Many of the benefits of flexible working – such as managing your own time – can work against younger employees in companies that implement mentoring programs.

“This is partly true in South Africa, where we have such a skills shortage and a dire need to transfer skills to young workers,” Trim said.

Second, remote or hybrid work is a lot worse for creating new teams take on new tasks.

A 2021 Microsoft survey involving researchers at the University of California, Berkeley, which examined 60,000 anonymous employee messages and chats, found that the number of messages in teams increased significantly when employees tried to keep up with their colleagues, but that information sharing actually plummeted.

Remote work makes it more likely that people will sit in the teams they used to have and are much less likely to have conversations that could lead to knowledge sharing, Trimm said.

“The study found that while people can still do the ‘hard work of sending emails and creating spreadsheets from anywhere’, the most important part of the office is the ‘soft work’ – the chat and informal communication that creates long-term trust and are fundamental to the company’s innovation.’

Other studies have come to a similar conclusion.

Earlier this year, researchers at the Massachusetts Institute of Technology and the University of California, Los Angeles, used smartphone geolocation data and matched it with patent citations from individual firms, Trimm said.
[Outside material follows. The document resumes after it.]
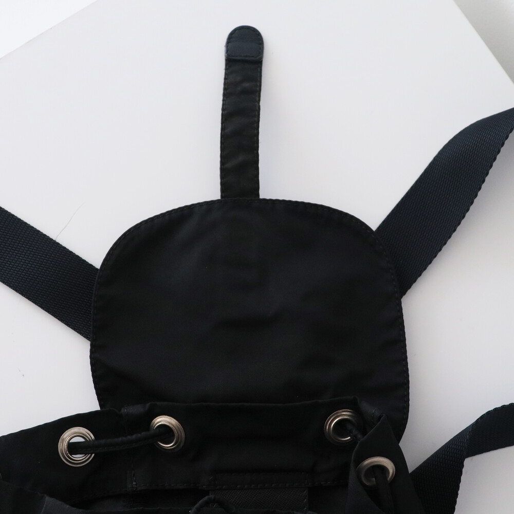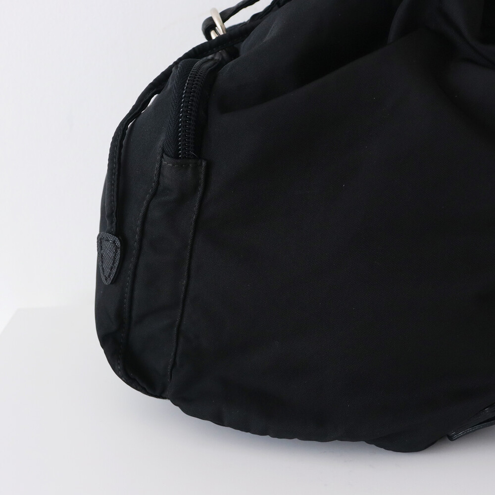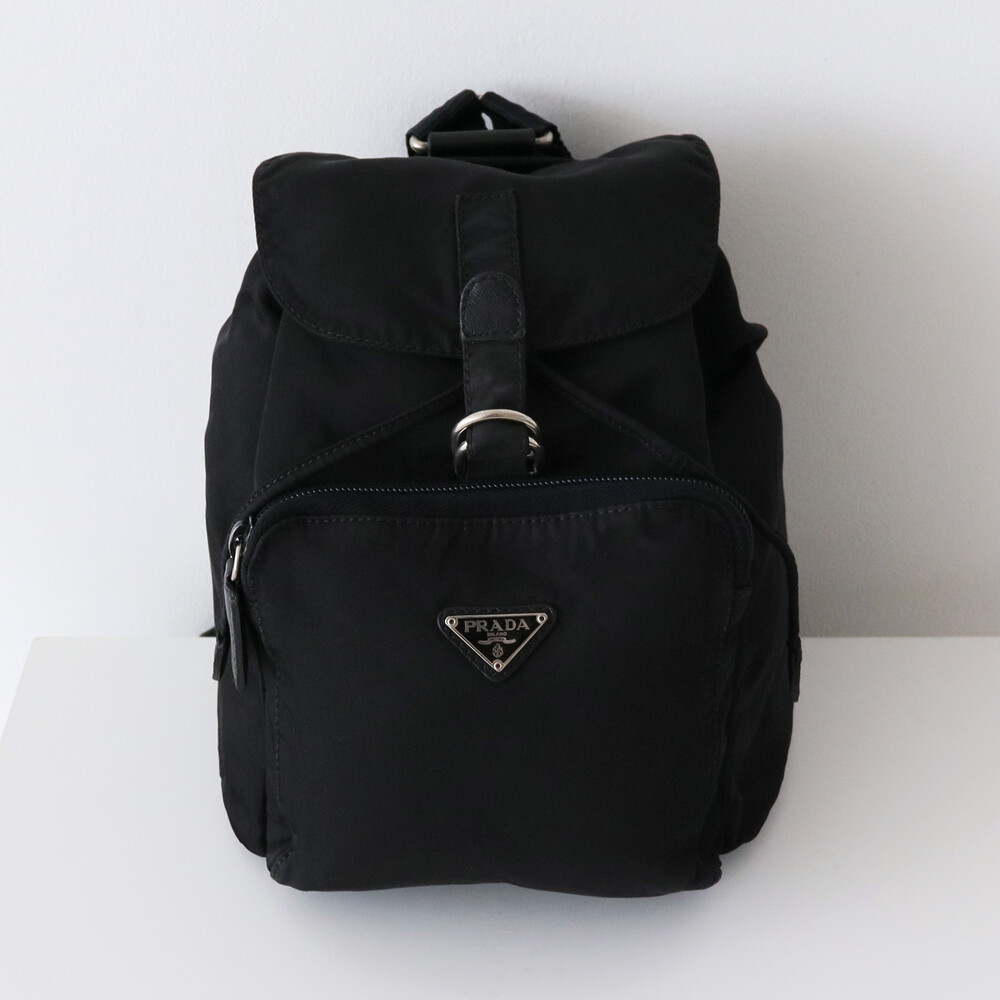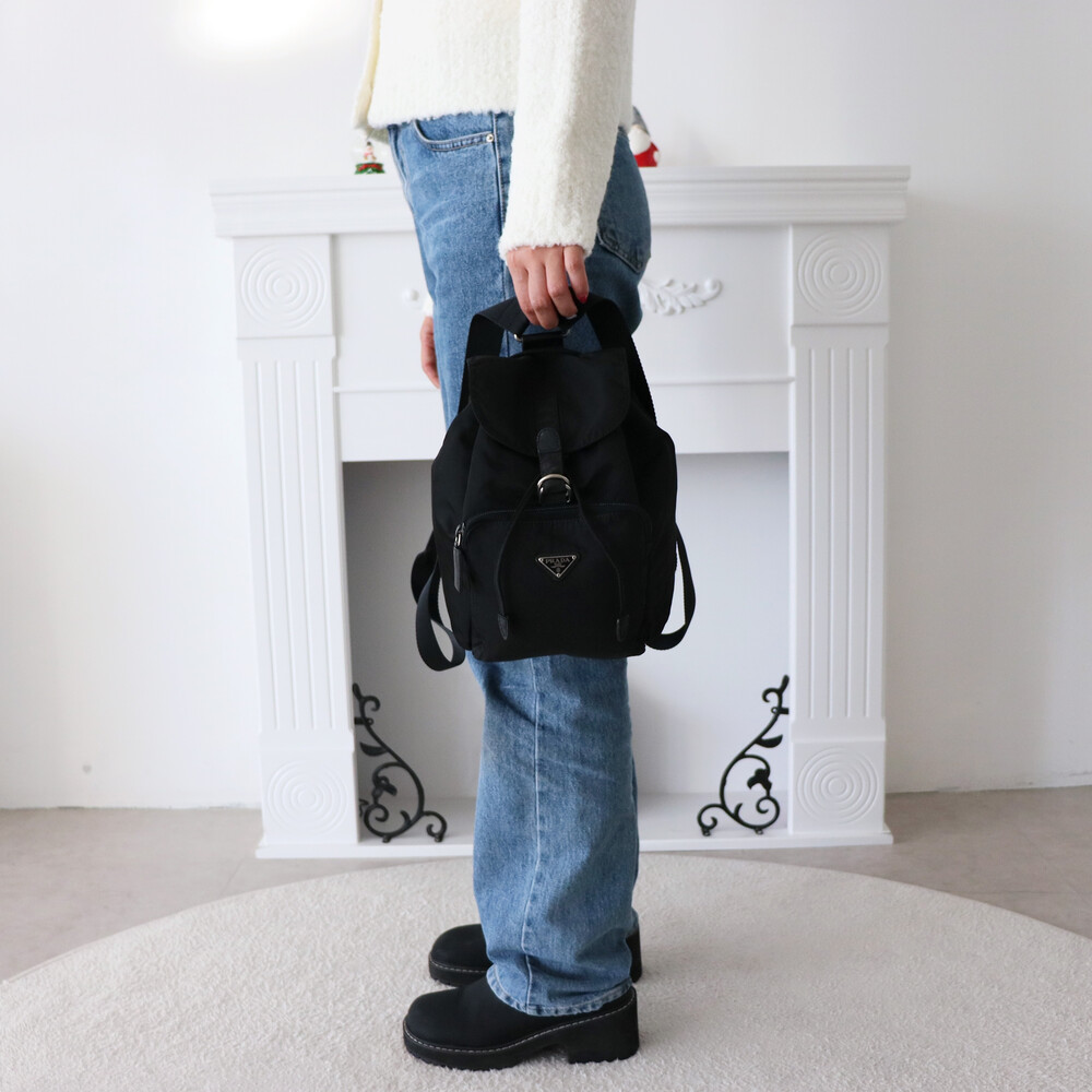 블랙 컬러의 나일론 바디와 프라다 시그니처 삼각 메탈 장식이 매력적인 모델입니다.

“They concluded that the first with the most personal interactions also had the most patent citations, clearly showing that innovation happens in person.

Third, and very related, telecommuting is a lot worse for generating new ideas.

A study by Columbia Business School and Stanford Graduate School of Management used 1,500 engineers to analyze whether virtual teams could brainstorm as creatively as in-person teams.

“Engineers who worked virtually generated fewer shared ideas, and external evaluators rated their ideas as significantly less creative than those from in-person teams,” Trimm said.

“Successful collaboration requires trust and a kind of intimacy that’s hard to build on a Zoom call,” Trim noted.

“The debate over telecommuting has become highly polarized between those who see it as an uncritical necessity and those who see it as a killer of culture and innovation. But it’s definitely worth noting what the study says.”